Wednesday, 8 September 2021

Ten Years With Chronic Pain and Illness


Today is a weird milestone in my life; one I never thought I'd be marking, one I'm not sure how to feel about.

Today, I have officially been living with debilitating chronic pain and illness for ten whole years. (It isn't the beginning of my chronic pain journey- it actually began twenty-three years ago when I was just thirteen... but that's a story for another day).

I honestly can't believe that this milestone is a part of my life. I can't believe I'm sitting here reflecting on a decade of living with life-changing chronic pain and chronic illness. If you'd told me ten years ago that I would still be in severe pain ten years later or how much my health would change my life, I'm not sure I would've believed you.
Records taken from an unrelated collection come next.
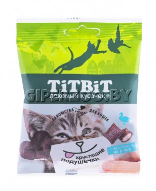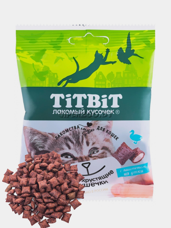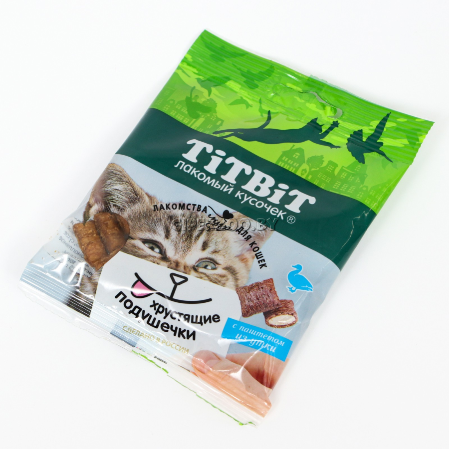 ТИТБИТ Хрустящие подушечки для кошек с паштетом из утки - это вкусное и полезное лакомство. Паштет содержащийся внутри каждой подушечки имеет мягкую однородную консистенцию в виде мусса и неповторимый нежный вкус.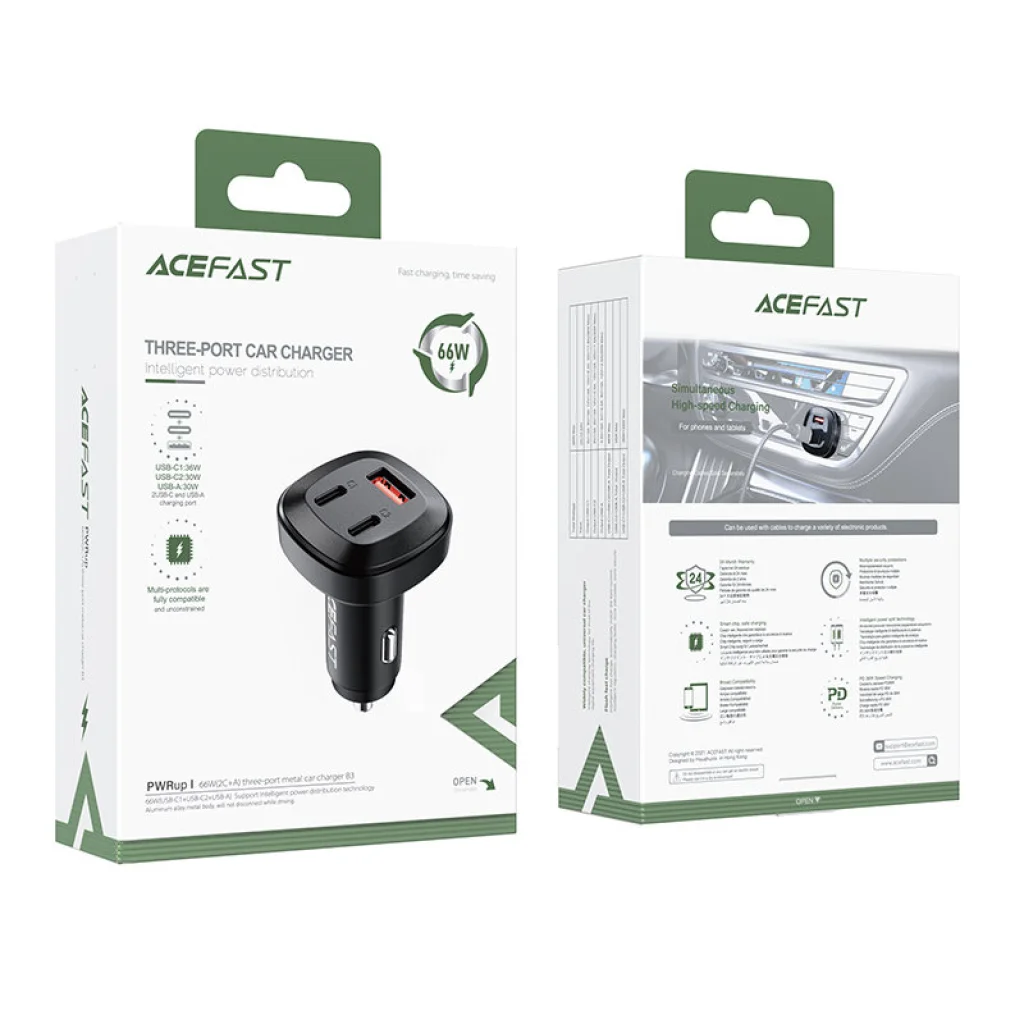 Acefast autós gyorstöltő. 2 USB Type C és 1 USB portja van. Az USB Type C csatlakozók 36W és 30W-os töltést tesznek lehetővé, együtt akár 66W terhelést is kibírnak. Lehetővé teszi a gyors töltést, többek között PPS, Power Delivery, Quick Charge 4.0, AFC és FCP szabványokban. Egyszerre 3 készülékhez csatlakoztatható. Tűzálló PC anyagból készült. Számos védelemmel van ellátva, mint például túlmelegedés, túlfeszültség, nagyfeszültség vagy túlterhelés.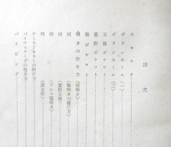 スモック ボタンホール 玉縁ポケット 蓋附ポケット 箱ポケット 明きの作り方/肩明き・後明きの縫ひ方・台付玉縁・ドレス脇明き・前立附 テイラーカラーの附け方 バイヤステープの巻き方 パイピング ほつれ止め 裾の始末 型紙を布に写し方及び切躾の仕方 ブラウスとパンツの縫ひ方 婦人スーツ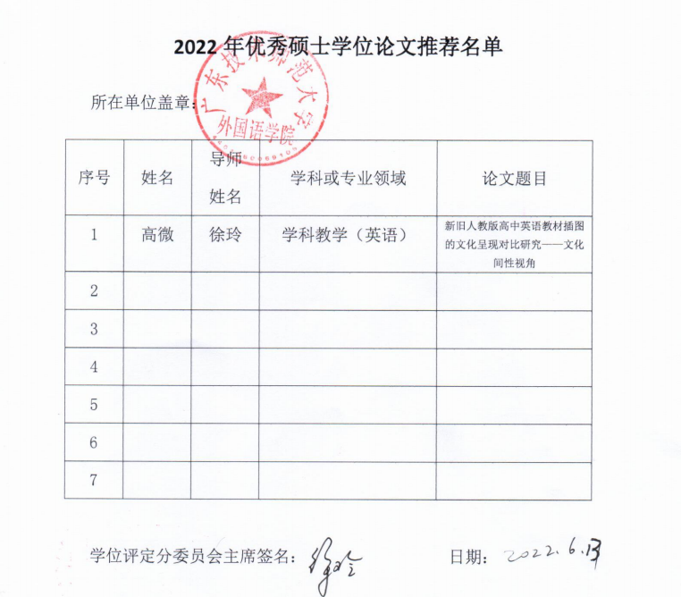 根据《Beat365正版唯一官网必一硕士研究生优秀学位论文评选办法》 (广师大〔2019〕679号)及研究生院《关于做好2022年上半年优秀硕士学位论文评选工作的通知》规定,经本人申请,Beat365正版唯一官网必一硕士学位分委员会审核同意,现就Beat365正版唯一官网必一2022年上半年优秀硕士学位论文推荐名单进行公示。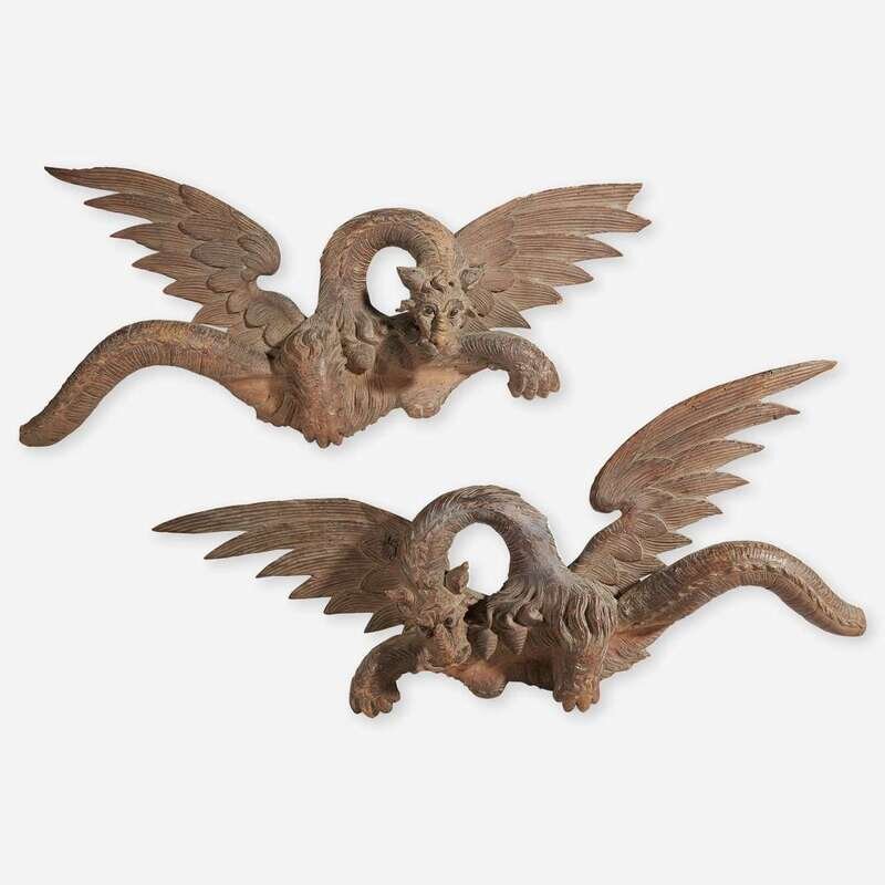 A pair of Italian carved walnut Chimera Probably Florentine, 18th / 19th century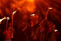 动手(扌)制作横幅,亢音高唱,庆祝抗战胜利。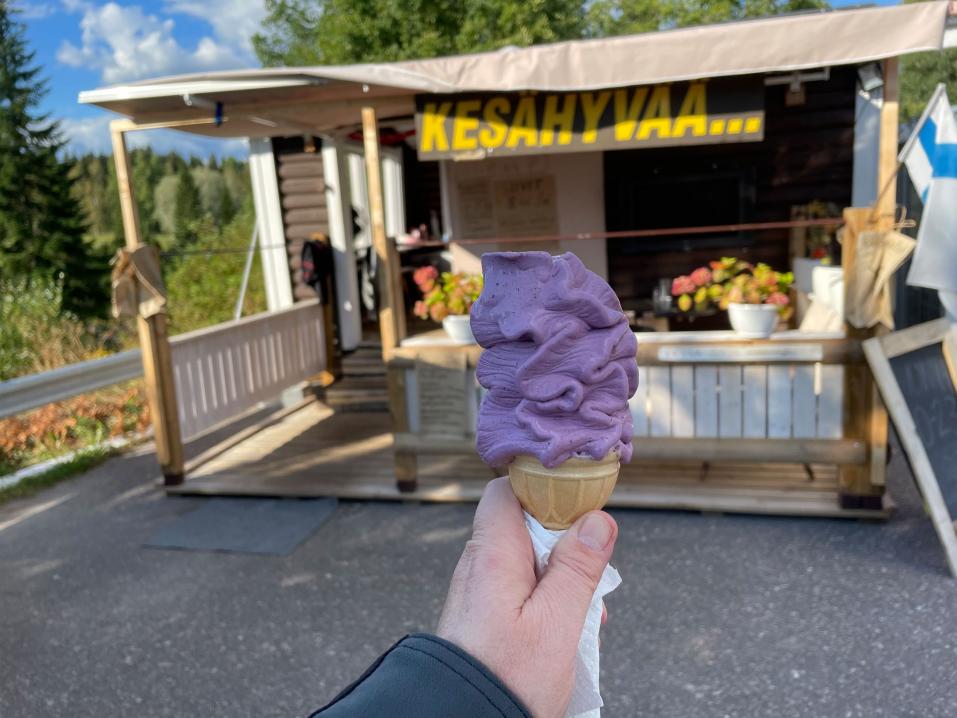 Pysähdyimme mustikkapehmikselle, mutta pelkästään pehmisvaihtoehtojahan löytyy huikeat 14 eri makua. Hinta 4,50 € voi kuulostaa paljolta, mutta jo pehmiksen koko (todella iso) ylittää suurimman osan peruskoosta ja pitää muistaa laadukkaat raaka-aineet. Mainoskylttien ulkonäkö on "rustiikkinen", mutta niiden ei kannata antaa hämätä.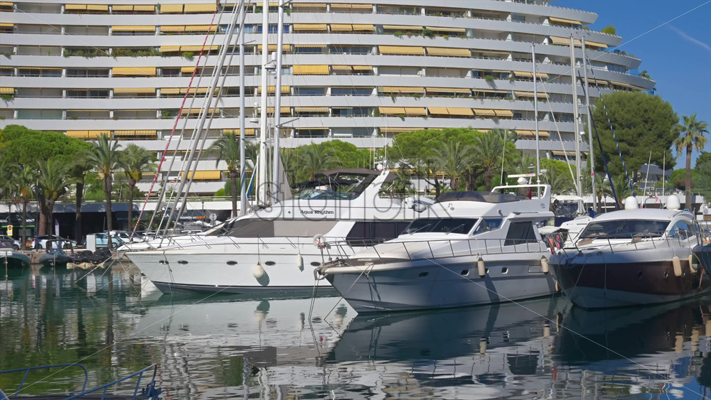 Boats docked in the Marina Baie des Anges in Villeneuve-Loubet, France in daylight Royalty Free Stock Video Footage
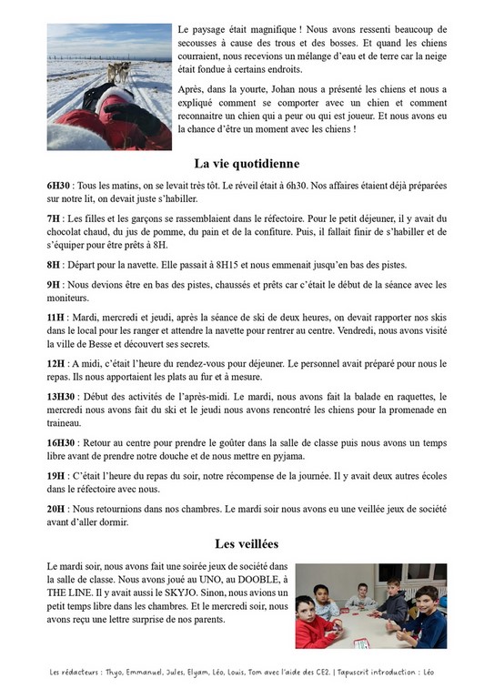 Les CM vous présentent leur voyage en classe de neige, bonne lecture !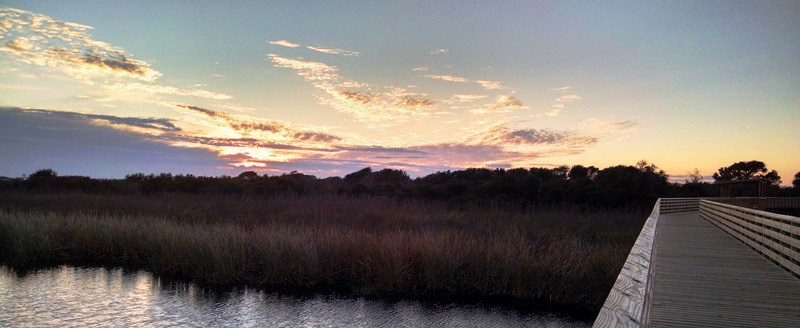 While it was 40, we decided to do a little walking around the park. They have made a lot of improvements since were were here last in 2013. We are told most of the improvements have been funded by the BP settlement money. There are new boardwalks everywhere. They are finally rebuilding the old convention center and the bike trails have been greatly improved. None of the projects have been completed but some of the trails and boardwalks are open. Too bad it’s been too cold to ride bikes. We walked out one of the board walks for sunset this afternoon.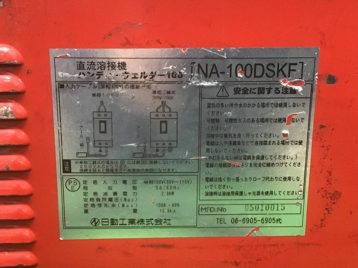 送料込!福山通運支店止【中古C現状品】●日動 ハンディーウェルダー100 インバーター直流溶接機NA-100DSKF●アクトツール富山店●窓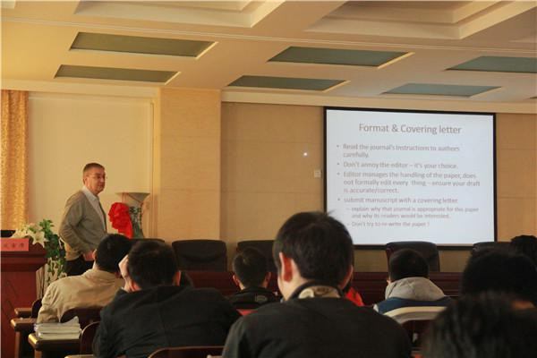 Andrew Hursthouse教授现任《Environmental Chemistry Letters(环境化学快报)》的副主编及英国和欧盟等国的基金评委,具有丰富的学术论文撰写、发表和基金申请经验。4月4日和4月9日上午,Hursthouse教授在土木学院会议室,分别以《Writing and Publishing in Science and Technology》和《Approaches to Research Funding》为题,与师生们进行了经验交流。他简明易懂地向我们说明,一篇好的论文应该使用简单词汇以避免读者难以理解,不仅要在表达上做到清晰易懂,更要注重用强有力的证据去支撑自己的观点。他还指出,“You may develop a conceptual story and that make a very nice song!”“Academic research should be fun!”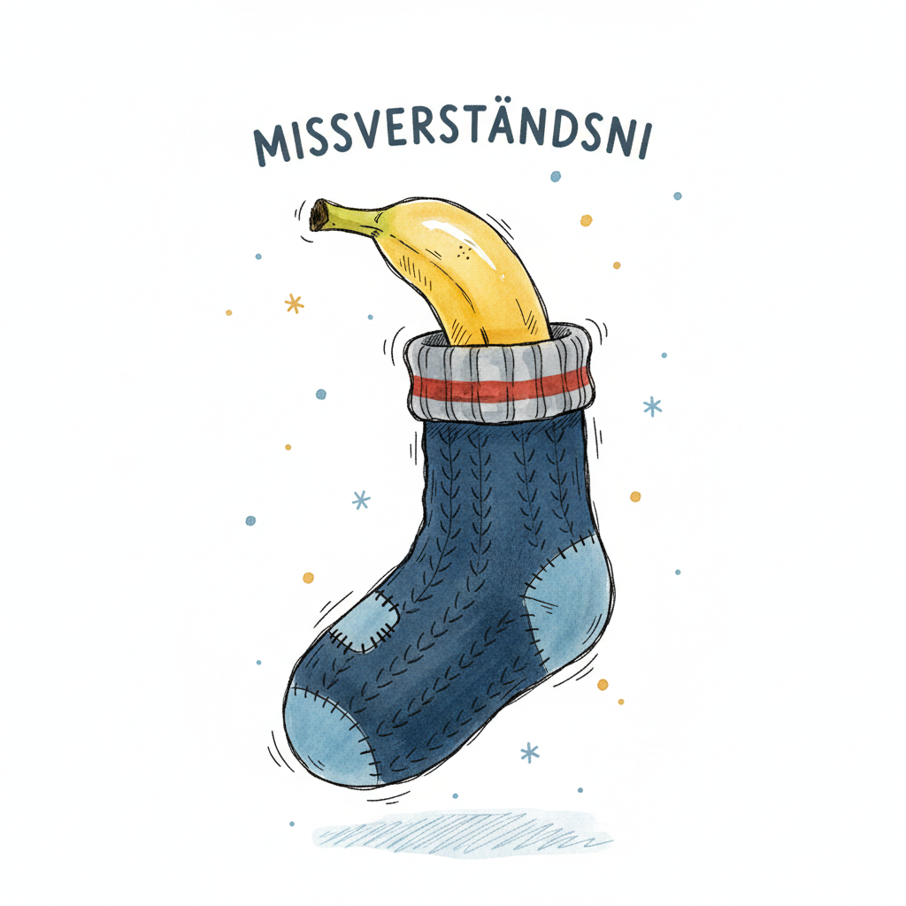 Lustige Illustration: Eine Banane steckt in einer blauen Socke. Darüber steht 'MISSVERSTÄNDNIS'.

I wouldn't have been able to comprehend it, and if I had, I would probably have just given up the fight there and then. I couldn't imagine lasting another week in pain, let alone another decade, and didn't think I'd have to. Back then, I assumed I'd just injured myself somehow, and thought I'd be as right as rain in a few days if I ignored it, and just kept going. 

Boy, was I wrong!

The pain didn't just continue but grew worse as the days blurred in to weeks, months and years.

Now here I am, a decade later, still in pain and diagnosed with multiple chronic illnesses- Ankylosing Spondylitis, Arthritis, Fibromyalgia, Bertolotti's Disease, Degenerative Disc Disease, and Tachycardia, plus a naturally fused spine, and a facet fused to my sacrum. Even though the warning signs were there, I never imagined for a moment how extensive my problems would turn out to be. It didn't even enter my head.

A decade ago, I was just a normal, able-bodied twenty-six-year-old, working as a visual merchandiser in retail, and spending my days off going shopping, to the cinema, and to concerts with friends. I got mild aching pains in my bones and joints (undiagnosed Arthritis), but they hadn't so much as slowed me down since my mid-teens. Then one September morning, I woke up with back pain, and in less than a fortnight, my whole life was turned upside down. Now I'm a disabled and chronically ill thirty-six-year-old with multiple conditions, living mostly housebound, and spending much of my time in bed alone riding out the pain and fatigue, or going to medical appointments. (Can you hear that chorus of tiny violins?!) What a difference a decade makes! It's crazy how quickly your entire life can change beyond recognition. If I had known what was coming, I would have tried to live a much fuller life. (Although, life's too short for the shoulda coulda wouldas).

Still, as it's the anniversary, I can't help thinking about everything I've been through these past ten years.

I'm not going to sugar-coat it; the last ten years have been some of the hardest years of my life- not just physically, mentally, and emotionally, but socially, and financially, too. 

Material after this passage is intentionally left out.